Teach Daughters the Ideals of Motherhood

In a world where the role of mother is scoffed at and even ridiculed, it is vital that we paint a bright picture of motherhood, not only for our daughters, but also for our sons.  They need to understand what a privilege and joy it is to be a mother.

When our daughter Christy became pregnant with her first child, she notified the school where she was teaching that she would not return in the fall.  The principal was appalled and commented, “That is such a waste of your talent to stay at home!” 

Christy replied, “I’ll use it on our son.”

While there are definitely times when it is not only necessary, but right for a mother to work outside the home, it is so vital that we teach our children what a privilege it is to stay home and raise the children.  When I was young, it was almost unheard-of for mothers to work.  Now it is becoming almost unheard-of for them to stay at home.  There seems to be a prevailing attitude that families just can’t make it unless both parents work. 

One of our daughter’s friends grew up in a home where her mother had always worked, so she followed the pattern that was set for her.  Then several months after her first baby was born, she lost her job.  As she stayed home, her eyes were open to how critical it was for her to be there for her children.  It had never occurred to her before that she could stay home.  Together she and her husband trimmed back their expenses so they could make ends meet on his salary.  They have never regretted their decision.

I have always told my daughters, “The most important day to be with your child is Day 1, and the second-most important day is Day 2, and so on.”  How easy it is to rationalize that when the children are young they won’t miss us.  We’ll quit work when they are a little older.  That might be too late.  So many ties are made, so many values shaped, so many beliefs formed when children are very tiny.  Do we really want to miss being a part of molding a life? 

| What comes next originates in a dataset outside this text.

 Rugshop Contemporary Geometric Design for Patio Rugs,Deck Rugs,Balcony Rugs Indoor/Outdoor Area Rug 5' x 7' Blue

Teaching children from birth about the importance of the mother being in the home helps shape their goals for the future.  Our daughter Melissa tells her little children, “Some mommies do have to work, and that’s right for them.  But I’m so lucky I can stay home.  It’s worth not buying so many things so that I am with you instead.”  She further explains that when David grows up he is going to work like Daddy, so that his wife can stay home and tend the children.  Little Bresciana wants to be an astronaut, but she plans to do that before she becomes a mom, so she can stay at home.

Yes, we understand that circumstances sometimes make it necessary for mothers to work outside the home, and in those cases we know that the Lord will bless them and meet every critical need.  But in many cases, we can be home for our children if we are willing to make the necessary sacrifices.  Sometimes the father can take an extra job or expenses can be cut. 

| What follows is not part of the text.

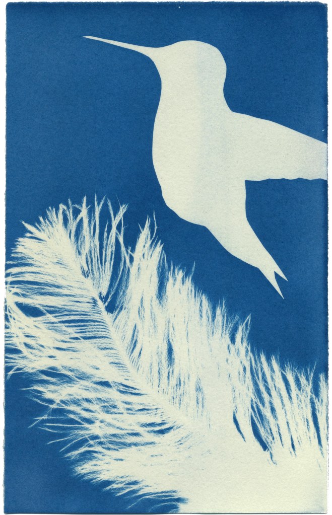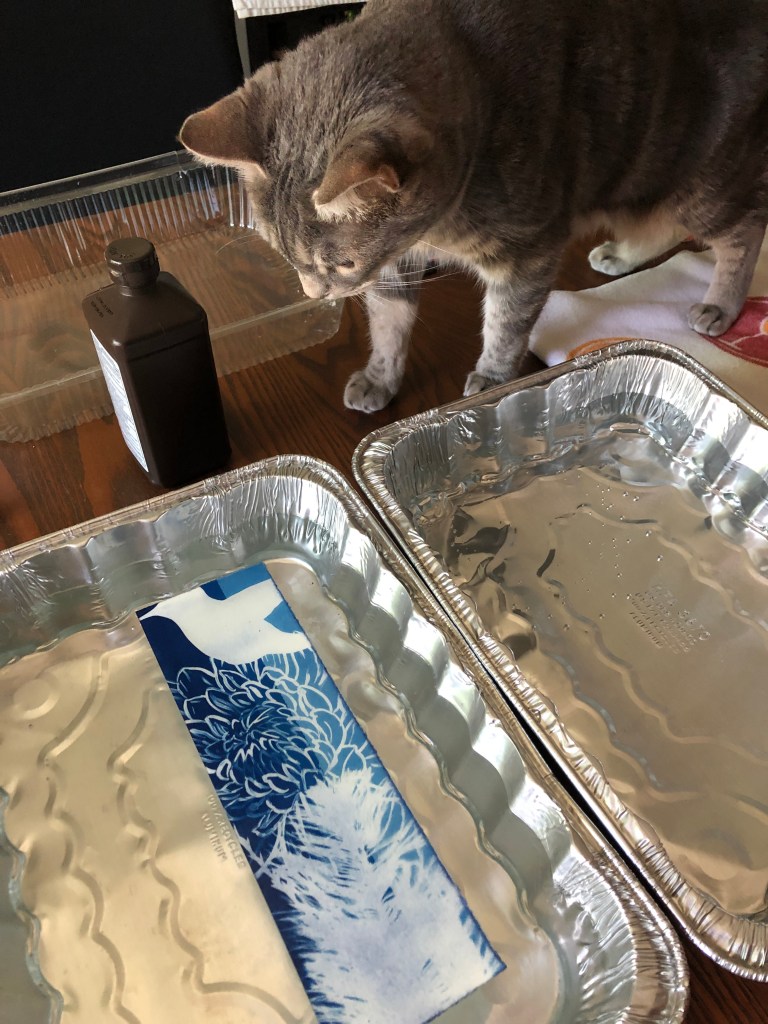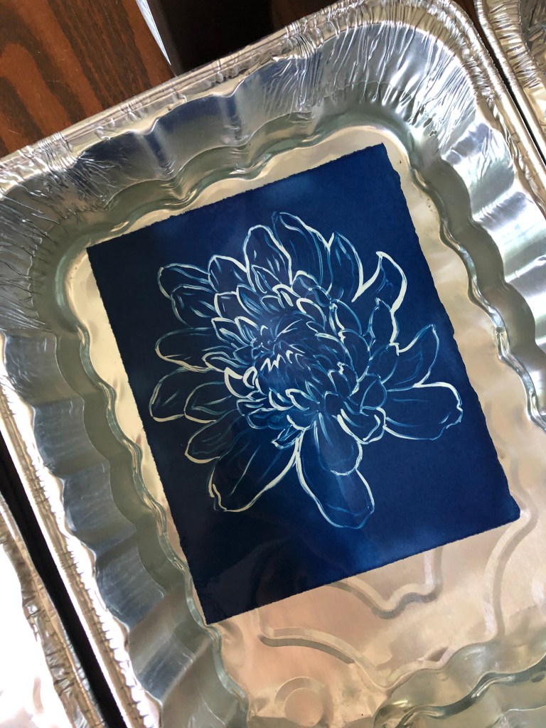I took a Zoom cyanotype workshop through Flux Art Space recently—taught by fellow Long Beach artist May Roded—and it was a lot of fun! I’d always admired the beauty of cyanotypes but had never explored it until now, and discovered it to be a fairly simple and inexpensive process that can produce some really amazing results. It was a 2-part workshop, with a week in between. In the first session, May went over the history of cyanotypes and the process of preparing the chemicals to go on whatever substrate you want to use (watercolor paper is always a good option). In the week in between, I collected materials and created some custom images to use for the cyanotypes (paintings on Dura-Lar, stencils). For the second session I picked up a packet that contained sheets of paper pre-treated with the chemicals and a glass panel, backing board, and binder clips for holding the materials together.

We watched one of our daughters and her husband turn down a house that they qualified to buy, because they knew it would strap them a little.  They finally found a more modest one in an older neighborhood that fit their budget better.  How their love and closeness grew as they saved and worked together with their children to fix it up.  There is such a beautiful spirit in their home.  No one feels deprived because they live on one income.  Our children really don’t want more things-they simply want more of us.  The material blessings will wear our and be discarded, but the memories we make with our children will last forever.  Let us firmly plant in the hearts of our daughters the ideals of motherhood and the indescribable joy it brings. 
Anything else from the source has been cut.